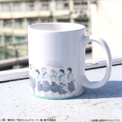 磁器のマグカップ。アニメのオープニングやエンディング、本編の印象的なカットをデザインしました。
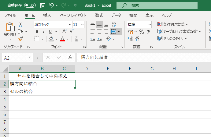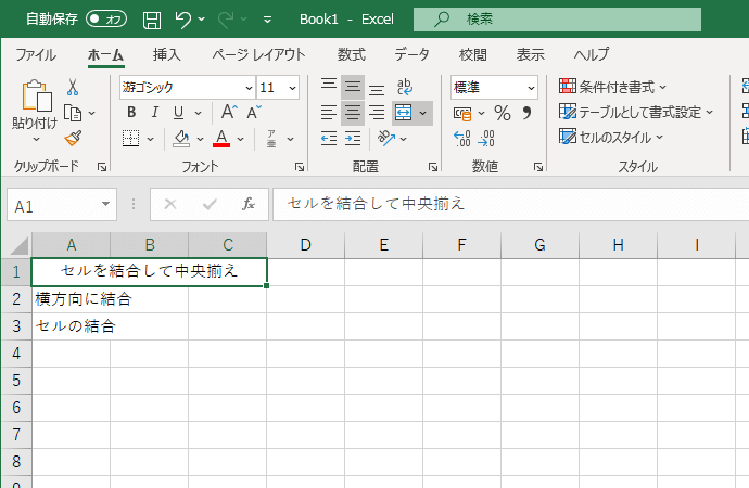 もう一度[セルを結合して中央揃え]ボタンをクリックすると、セルの結合が解除されます。
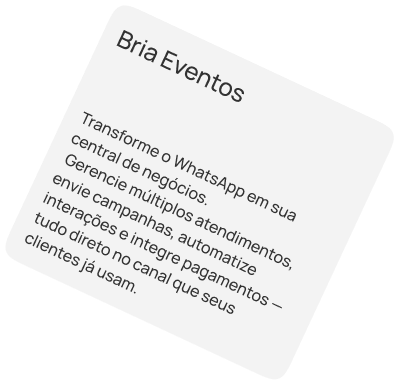 Com o Bria Chat, você centraliza o atendimento via WhatsApp com automações IA, distribuição inteligente, tags e relatórios. Escalabilidade no suporte, com a sua identidade.
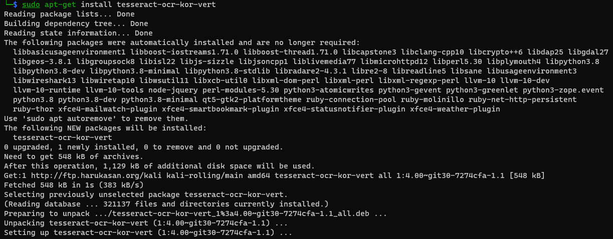 명령어: sudo apt-get install tesseract-ocr-kor
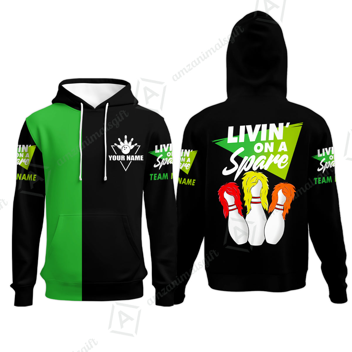 Customized Bowling Team Hoodie, Bowling Livin' On A Spare Personalized Hoodie Uniform For Bowlers
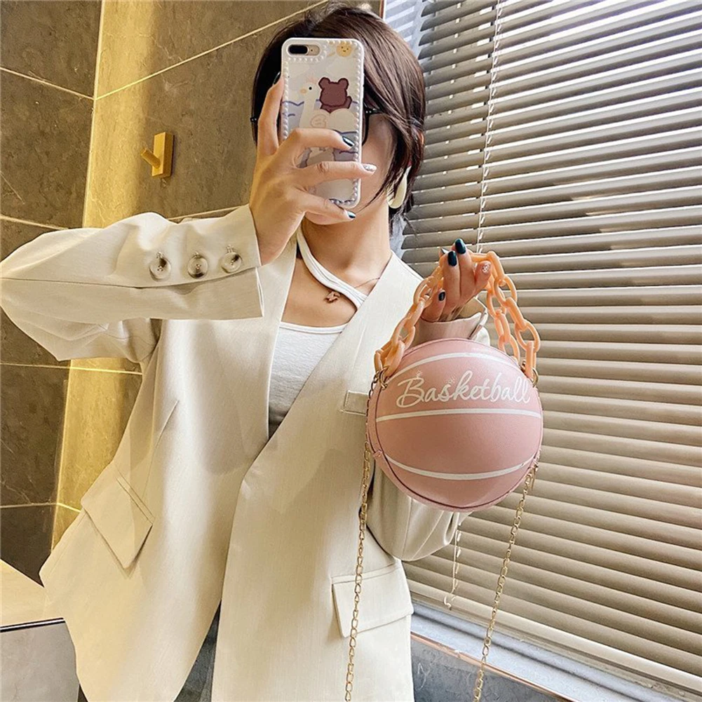 Сумка-кроссбоди женская, баскетбольная, с акриловой цепочкой, круглая
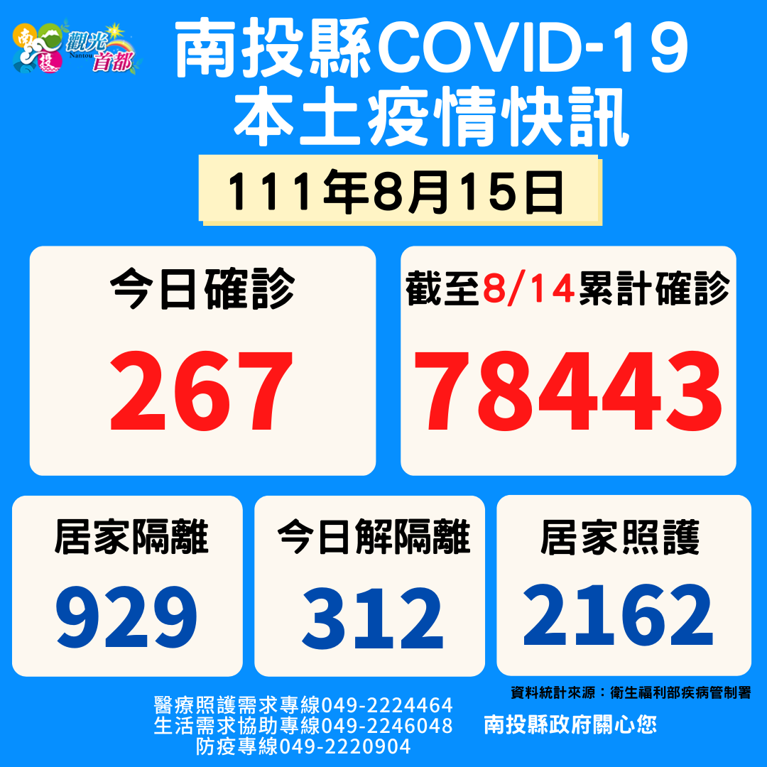 防疫宣傳 居家照護關懷手冊 防疫補助 勞工紓困 農漁畜牧 觀光紓困 企業紓困 租稅紓困 藝文紓困 中央各部會防疫專區 首頁 防疫宣傳 8月15日南投縣疫情... 8月15日南投縣疫情快訊 公佈單位:新聞及行政處 發佈日期:111/8/15
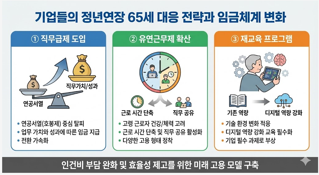 기업들은 정년연장 65세 시행 시기에 맞춰 인건비 부담을 줄이고 효율성을 높이기 위한 다양한 고용 모델을 검토하고 있습니다.
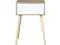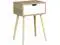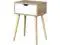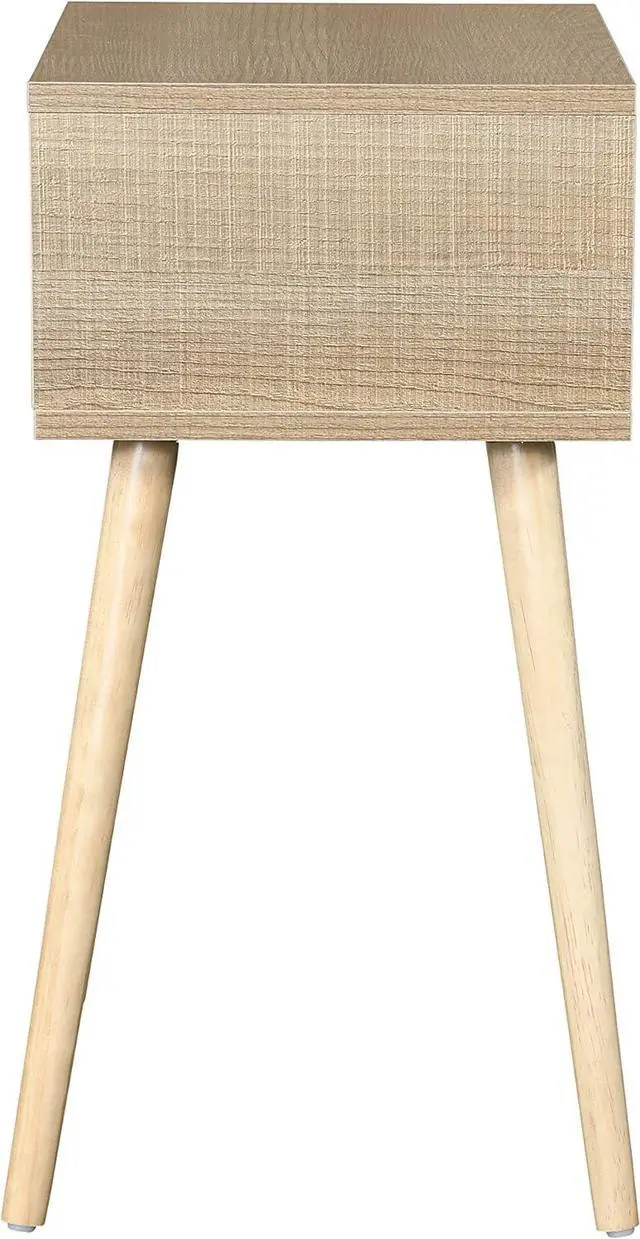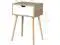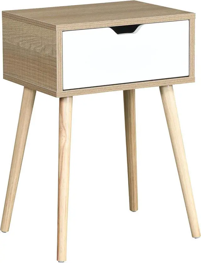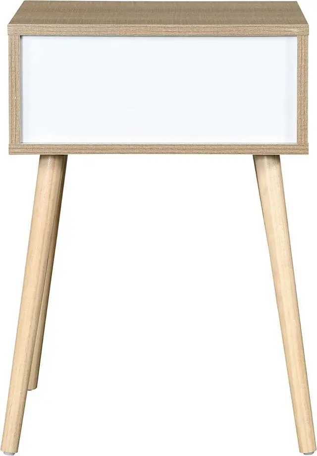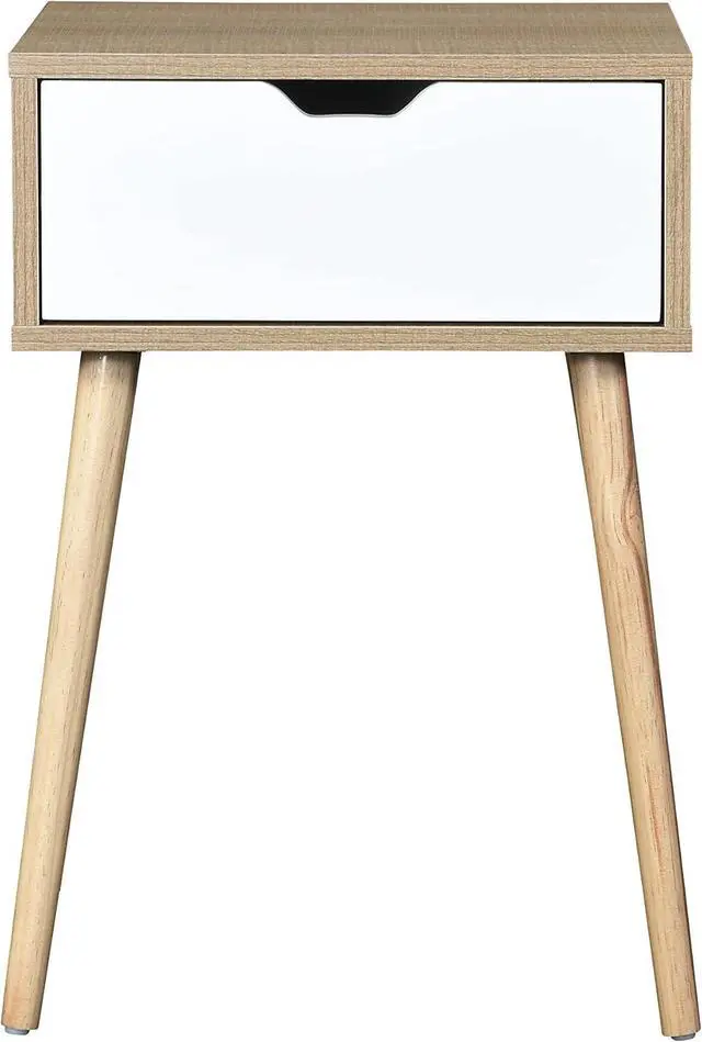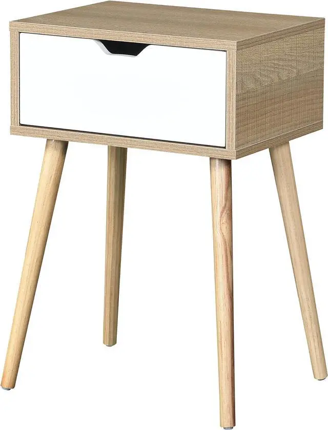Side Table with 1 Drawer and Rubber Wood Legs, Mid-Century Modern Storage Cabinet for Bedroom Living Room Furniture, White with solid wood color.

EXERCISE ->
In the answer, include exactly the lines from the top of the entries through the line containing "기업들은 정년연장 65세", and nothing else, not even the pictures.

ANSWER SPACE ->
 磁器のマグカップ。アニメのオープニングやエンディング、本編の印象的なカットをデザインしました。
 もう一度[セルを結合して中央揃え]ボタンをクリックすると、セルの結合が解除されます。
 Com o Bria Chat, você centraliza o atendimento via WhatsApp com automações IA, distribuição inteligente, tags e relatórios. Escalabilidade no suporte, com a sua identidade.
 명령어: sudo apt-get install tesseract-ocr-kor
 Customized Bowling Team Hoodie, Bowling Livin' On A Spare Personalized Hoodie Uniform For Bowlers
 Сумка-кроссбоди женская, баскетбольная, с акриловой цепочкой, круглая
 防疫宣傳 居家照護關懷手冊 防疫補助 勞工紓困 農漁畜牧 觀光紓困 企業紓困 租稅紓困 藝文紓困 中央各部會防疫專區 首頁 防疫宣傳 8月15日南投縣疫情... 8月15日南投縣疫情快訊 公佈單位:新聞及行政處 發佈日期:111/8/15
 기업들은 정년연장 65세 시행 시기에 맞춰 인건비 부담을 줄이고 효율성을 높이기 위한 다양한 고용 모델을 검토하고 있습니다.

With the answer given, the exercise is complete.